Thursday, February 23, 2012

The 19th Wife


Author: David Ebershoff

Goodreads rating: 3.58
My Rating: 4/5 Stars
Pages: 514 

I'm not too sure why I decided that I wanted to read this book. Part of it probably has to do with the fact that I have a Mormon cousin and the fact that I used to watch Big Love. I think the other part of it was pure curiosity of Polygamy and the relationships. It was a slow, but fascinating read at times, other times I just wanted it to be over.


Synopses from Goodreads.com

Faith, I tell them, is a mystery, elusive to many, and never easy to explain.
Sweeping and lyrical, spellbinding and unforgettable, David Ebershoff’sThe 19th Wife combines epic historical fiction with a modern murder mystery to create a brilliant novel of literary suspense.
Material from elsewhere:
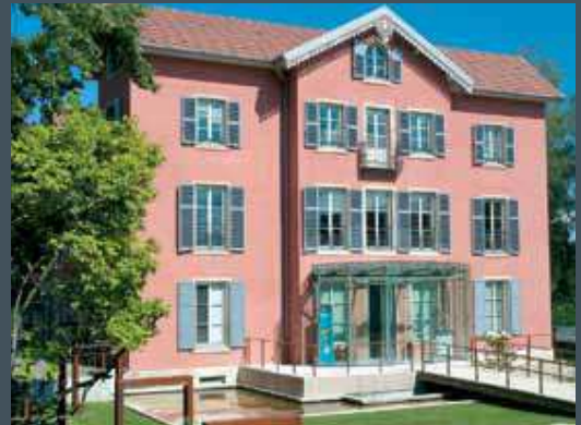
► Agence Lhomme et Nectoux architectes

It is 1875, and Ann Eliza Young has recently separated from her powerful husband, Brigham Young, prophet and leader of the Mormon Church. Expelled and an outcast, Ann Eliza embarks on a crusade to end polygamy in the United States. A rich account of a family’s polygamous history is revealed, including how a young woman became a plural wife.
Soon after Ann Eliza’s story begins, a second exquisite narrative unfolds–a tale of murder involving a polygamist family in present-day Utah. Jordan Scott, a young man who was thrown out of his fundamentalist sect years earlier, must reenter the world that cast him aside in order to discover the truth behind his father’s death.
And as Ann Eliza’s narrative intertwines with that of Jordan’s search, readers are pulled deeper into the mysteries of love and faith. 
My review after the jump!

I flipped back and forth while reading this book. There were times when I really liked the two stories, one of Ann Eliza and Jordan Scott, and then there were times when I was purely confused by the flip flop. This book went the path of two parallel stories, but I felt that the appropriate way to do that would be a set number of chapters on one story and then the same number of chapters on the other, that way you could flip between the two stories, knowing that "Oh, after this chapter its back to Jordan's story" or something like that instead it would be once chapter of Jordan's story and then 6 chapters of Ann Eliza's. I felt confused and annoyed at times.

Something else that threw me was in Ann Eliza's section it wasn't her story alone, there was a wikipedia article (Which I felt was just wrong and it grated on my nerves a little) and there were letters and information about a girl doing her masters thesis on Ann Eliza. Some of that information had me wanting to just skip the pages (and I will admit that I skimmed especially the letter from her son, Lorenzo, to someone who was researching Ann Eliza and he kept going off about dolphins-lovely creatures, but you are doing 100% of nothing to further the plot and are therefore a waste of space).

I did enjoy how each of the characters seemed to be their own person. There was Johnny who was the crude teenager that was exiled from Mesadale, Tom who was the still devout gay Morman who drove to Vegas just to go to church, and Jordan who was a skeptic about everything. At times it was hard to remember that Jared was my age- only 20- when he tried to save his mom. It's hard to think about what I would have done had I been abandoned as a teenager and how I would have survived, but I didn't have to thank god.

What I found so interesting about Ann Eliza's account was how she looked at the multiple marriages. She had two different views of it, not just being a multiple wife but also as the daughter of someone who did no want sister wives. I think that the bitterness that her mother- although devout- rubbed off on her. I couldn't imagine how it couldn't, because I would never want to share my boyfriend ever, let alone my husband and father of my children. Ann Eliza makes a point when she says that religious freedom comes at the cost of the freedom of these women and children who don't get the full love and attention of their fathers and husbands.

I gave this book a higher rating than a three per say because I enjoyed Ann Eliza's story (when it was actually her story being told) and I liked reading about Jordan and his adventures. The beginning was a little hard to follow because for the first 5 to 10 pages, we have no idea who our narrator was or what his sex was and when he talked about Elektra- he didn't right away identify her as his dog which was also very confusing, but once you fell into rhythm with the characters and the style it was easy to get used to.